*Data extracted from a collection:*
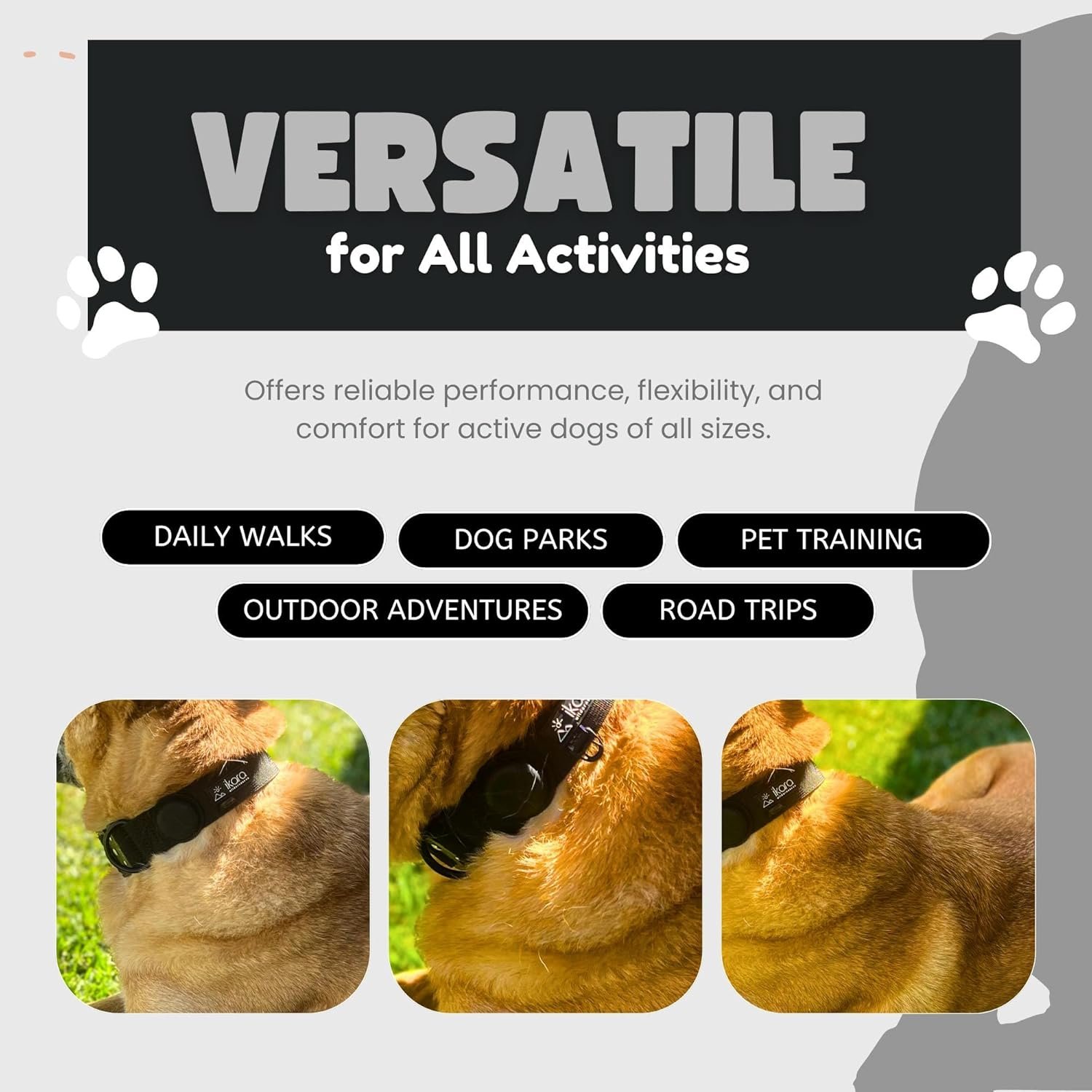 Versatile Usage for Various Activities: Our dog airtag collar adapts to daily walks, and outdoor adventures. These collars for large dogs offer reliable performance and flexibility, making our dogs accessories perfect for all your pet’s activities, from obedience training to trail explorations.
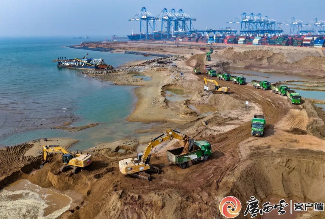 近日,在位于北部湾港钦州自动化集装箱码头南侧的扩建项目工地上,各种施工机械正加紧作业。该扩建项目将建成5个5000吨级自动化集装箱泊位,年设计通过能力65万标准箱。平陆运河通航后,这些泊位将专门承接来航的中小型船舶,释放钦州港现有大泊位能力,完善与平陆运河衔接的江海联运体系。
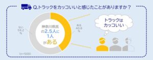 事前に行われた「トラックに関する意識調査」の結果によると、2.5人に1人が「トラックをカッコいいと感じたことがある」と回答。また、39.6%がトラックに「迫力がある」イメージを抱き、「役に立つ」39.0%、「頼もしい」25.0%などに回答が集まり、トラックの魅力が再認識されました。
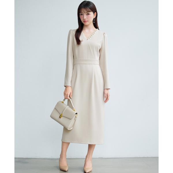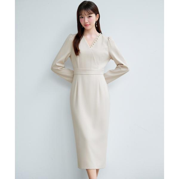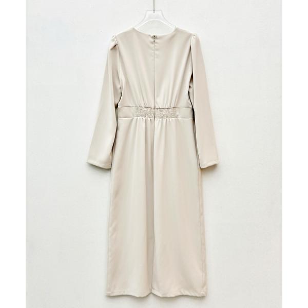 ワンピース ワンピ ロングワンピース カシュクールワンピース 長袖 ギャザースリーブ Vネック 裏地付き バックゴム ウエストマーク ウエスト切り替え
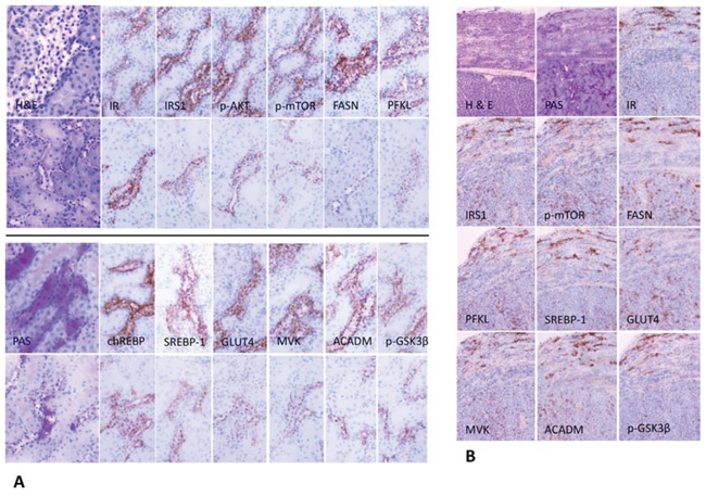 Figure 4: Representative immunohistochemistry in serial cryostat sections series of clear cell tubules (CCT) from streptozotocin-induced diabetic rats (A) and preneoplastic tubular lesions and renal carcinomas in rats after administration of N-Nitrosomorpholine (NNM) (B). A. CCT of diabetic rats after 4 weeks (upper panel of each row) with clear cell feature in H&E staining, which is caused by glycogen storage, as shown by strong positivity to the PAS reaction. Overexpression of the insulin receptor (IR) leads to upregulation of activated/phosphorylated AKT and mTOR proteins. Glucose accumulation is due to upregulation of glucose transporters, i.e. GLUT4, a process dependent on insulin. Utilization of glucose in the glycolytic pathway (PFKL) is facilitated by activated/phosphorylated AKT and chREBP. Glycogenolysis is inhibited, as GSK-3β is phosphorylated/ inactivated. Additionally, SREBP-1 mediates transcription of enzymes of de novo lipogenesis (MVK, FASN). Simultaneously, β-oxidation of fatty acids is activated, as acyl-CoA dehydrogenase for acyl chains of medium length (ACADM) is upregulated. CCT of rats treated with NVP/BEZ235 for 1 week (lower panel of each row) are small and narrowed and reveal lower expression of all members of the PI3K/AKT/mTOR pathway examined. B. Molecular and metabolic alterations in NNM-induced glycogenotic preneoplastic tubules (upper part of each picture) and solid renal cell carcinomas (lower part) are similar to those detected in diabetes-induced nephrocarcinogenesis (24 months old rat, NNM was administered as a single dose). Length of the lower edge: 4A H&E, PAS 0.25 mm; immunohistochemistry 0.125 mm; 4B 0.3 mm.
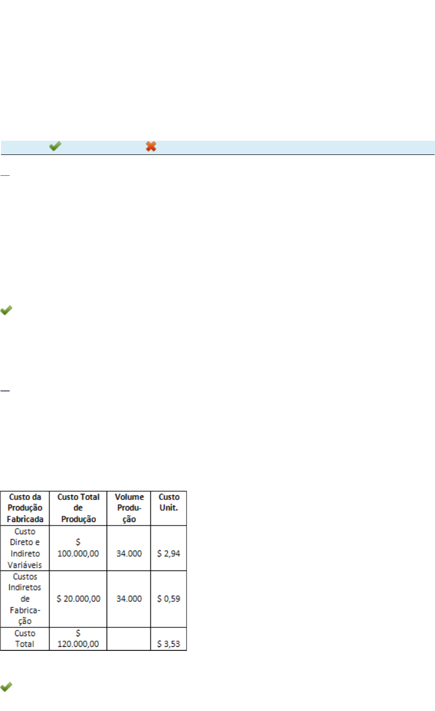 adêmico: Edimarcia Ricardo Pedroso (1299146) Disciplina: Gestão de Custos (EMD07) Avaliação: Avaliação Final (Objetiva) - Individual Semipresencial ( Cod.:637926) ( peso.:3,00) Prova: 15906602 Nota da Prova: 9,00 Legenda: Resposta Certa Sua Resposta Errada Parte superior do formulário 1. Analise os dados a seguir: * PIS/COFINS - 5% * COMISSÃO - 7,5% * ICMS - 17% * LUCRO - 18,5% * DEPRECIAÇÃO - 6% Assinale a alternativa que apresenta o valor aproximado do Mark-up divisor: a) O valor do Mark-up divisor é de 0,54. b) O valor do Mark-up divisor é de 0,46. c) O valor do Mark-up divisor é de 2,17. d) O valor do Mark-up divisor é de 1,85. 2. Analise os dados apresentados de uma empresa fictícia sobre sua estrutura de custos de fabricação. * Despesas administrativas gerais: R$ 7.500,00. * PIS/COFINS: 3,65%. * Margem de lucro: 25%. * ICMS: 15%. Assinale a alternativa que apresente o preço de venda pelo Método de Custeio por Absorção, para se obter 25% de margem de lucro: a) O preço de venda é de aproximadamente R$ 6,50. b) O preço de venda é de aproximadamente R$ 6,65. c) O preço de venda é de aproximadamente R$ 6,26. d) O preço de venda é de aproximadamente R$ 5,22. 3. Na gestão de custos, aplicada em todos os segmentos empresariais, é importante compreender o impacto do critério de rateio na composição dos custos dos produtos. Com base neste contexto, podemos afirmar que os custos a serem rateados são denominados de: a) Custos indiretos de fabricação. b) Embalagem utilizada no produto. c) Mão de obra indireta. d) Diretos e indiretos de fabricação. 4. As atividades nas empresas são corriqueiras e, no seu cotidiano, devem gerar resultados positivos para a mesma, com o objetivo de proporcionar a perpetuidade do seu negócio no mercado. A qualidade da informação gerada na área de custos está ligada ao Princípio da Confrontação, entre Despesas e Receitas. Desta forma, sobre as ações que são consideradas como receitas e despesas realizadas, classifique V para as sentenças verdadeiras e F para as falsas: ( ) Quando forem realizadas as operações com terceiros, quando ocorre o pagamento ou assumirem o compromisso de realizá-lo. ( ) Quando for liquidado um passivo, sem que ocorra a baixa ou a extinção de um ativo, mesmo que ocorra a correlação com a Reserva de Resultados gerada no período em análise da empresa. ( ) Quando da elaboração de novos ativos, mesmo que não exista a interferência de terceiros. ( ) Quando a empresa receber efetivamente doações de diversas espécies e subvenções governamentais. Assinale a alternativa que apresenta a sequência CORRETA: a) V - F - V - V. b) V - V - F - F. c) V - F - V - F. d) F - V - V - F. 5. As empresas na área industrial necessitam utilizar o método de custeio por absorção. Há a premissa de se reconhecer os custos variáveis da produção pelo seu consumo atribuído, e os custos fixos são reconhecidos por rateio. Para a apuração dos custos dos produtos, há a necessidade de agregar os custos variáveis e os custos fixos de fabricação (área industrial). Para a confecção de um tipo de camiseta, uma empresa possui os seguintes gastos associados aos respectivos setores: Quantidade produzida = 34.000 Quantidade vendida = 30.000 Preço de venda = R$ 7,50 CUSTO DA PRODUÇÃO: Algodão ? R$ 23.800,00 Poliéster ? R$ 18.700,00 Fios ? R$ 4.080,00 Salário das costureiras da fábrica ? R$ 20.400,00 Salário dos administradores ? R$ 15.000,00 Salário dos vendedores ? R$ 12.000,00 Aluguel da fábrica ? R$ 10.200,00 Energia elétrica da fábrica ? R$ 2.720,00 De acordo com o exposto, analise as sentenças a seguir: I- O valor do Estoque Final, pelo método de custeio por absorção, está apurado no valor de R$ 70.500,00. II- O valor do CPV (Custo dos Produtos Vendidos), pelo método de custeio por absorção, está apurado no valor de R$ 50.500,00. III- O valor do Estoque Final, pelo método de custeio por absorção, está apurado no valor de R$ 92.670,00. IV- O valor do CPV (Custo dos Produtos Vendidos), pelo método de custeio por absorção, está apurado no valor de R$ 70.500,00. Agora, assinale a alternativa CORRETA: a) Somente a sentença IV está correta. b) Somente a sentença I está correta. c) Somente a sentença II está correta. d) Somente a sentença III está correta. 6. Para que se faça uma boa gestão de custos, primeiramente é necessário que se compreenda quais são as características do que são os custos, as despesas, os gastos, entre outros. Assim, é possível separar e adequar os registros contábeis para que se apure os custos de forma correta. Também é primordial que se entenda e se aplique esses conceitos de maneira correta, pois assim é possível aprimorar os controles internos da empresa e assim evitar eventuais erros. Sobre o exposto, analise as afirmativas a seguir: I- Investimentos representam gastos que são ativados, constam no balanço patrimonial da empresa e ficam ali até o momento em que são utilizados ou consumidos, recebendo uma classificação como custos ou despesas. II- Os custos de uma organização são os gastos que foram consumidos no ambiente de fabricação de um produto ou serviço. III- As despesas da área financeira de uma organização são os gastos que foram gerados ou consumidos no ambiente de fabricação de um produto ou serviço. IV- Os gastos ou dispêndios consistem no sacrifício financeiro que a entidade arca para a obtenção de um produto ou serviço qualquer. Agora, assinale a alternativa CORRETA: a) As afirmativas I, III e IV estão corretas. b) As afirmativas II e III estão corretas. c) As afirmativas I, II e IV estão corretas. d) As afirmativas III e IV estão corretas. 7. Analise os dados apresentados de uma empresa fictícia sobre sua estrutura de custos de fabricação na tabela a seguir: * Despesas administrativas gerais: R$ 7.500,00. * PIS/COFINS: 3,65%. * Margem de lucro: 25%. * ICMS: 15%. Assinale a alterna

*YOUR GOAL:* Copy the lines above exactly, starting at the one with "近日,在位于北部湾港钦州自动" and ending at the one with "ワンピース ワンピ ロングワンピース", both included. Leave out any pictures and add nothing else.

*REPLY TO THE EXERCISE:*
 近日,在位于北部湾港钦州自动化集装箱码头南侧的扩建项目工地上,各种施工机械正加紧作业。该扩建项目将建成5个5000吨级自动化集装箱泊位,年设计通过能力65万标准箱。平陆运河通航后,这些泊位将专门承接来航的中小型船舶,释放钦州港现有大泊位能力,完善与平陆运河衔接的江海联运体系。
 事前に行われた「トラックに関する意識調査」の結果によると、2.5人に1人が「トラックをカッコいいと感じたことがある」と回答。また、39.6%がトラックに「迫力がある」イメージを抱き、「役に立つ」39.0%、「頼もしい」25.0%などに回答が集まり、トラックの魅力が再認識されました。
 ワンピース ワンピ ロングワンピース カシュクールワンピース 長袖 ギャザースリーブ Vネック 裏地付き バックゴム ウエストマーク ウエスト切り替え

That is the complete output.